*** Opening of Data excerpt ***

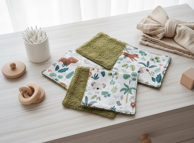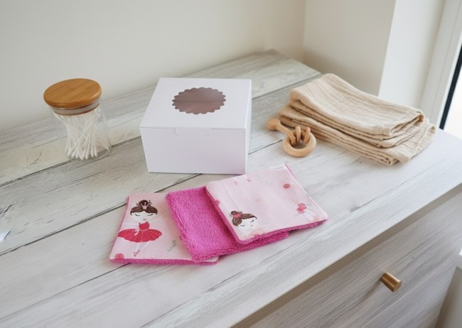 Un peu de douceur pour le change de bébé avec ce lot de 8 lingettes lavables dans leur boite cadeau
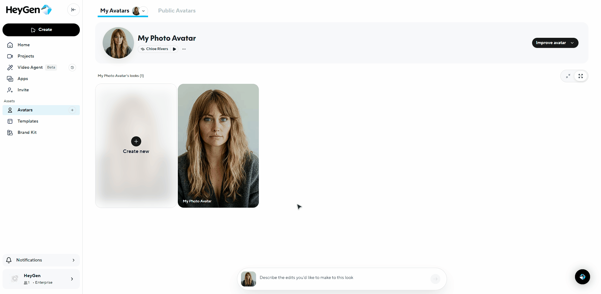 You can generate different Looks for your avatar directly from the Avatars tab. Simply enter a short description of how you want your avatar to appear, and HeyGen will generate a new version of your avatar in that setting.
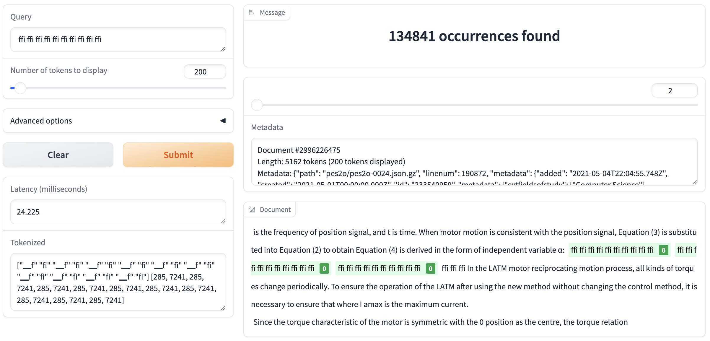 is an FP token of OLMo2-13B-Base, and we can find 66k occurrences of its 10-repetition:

*** Close of Data excerpt ***

### Task to carry out
Nothing but the lines from the one containing "You can generate" through the last line of the material may appear in the answer, transcribed exactly and with no pictures.

### Task result
 You can generate different Looks for your avatar directly from the Avatars tab. Simply enter a short description of how you want your avatar to appear, and HeyGen will generate a new version of your avatar in that setting.
 is an FP token of OLMo2-13B-Base, and we can find 66k occurrences of its 10-repetition:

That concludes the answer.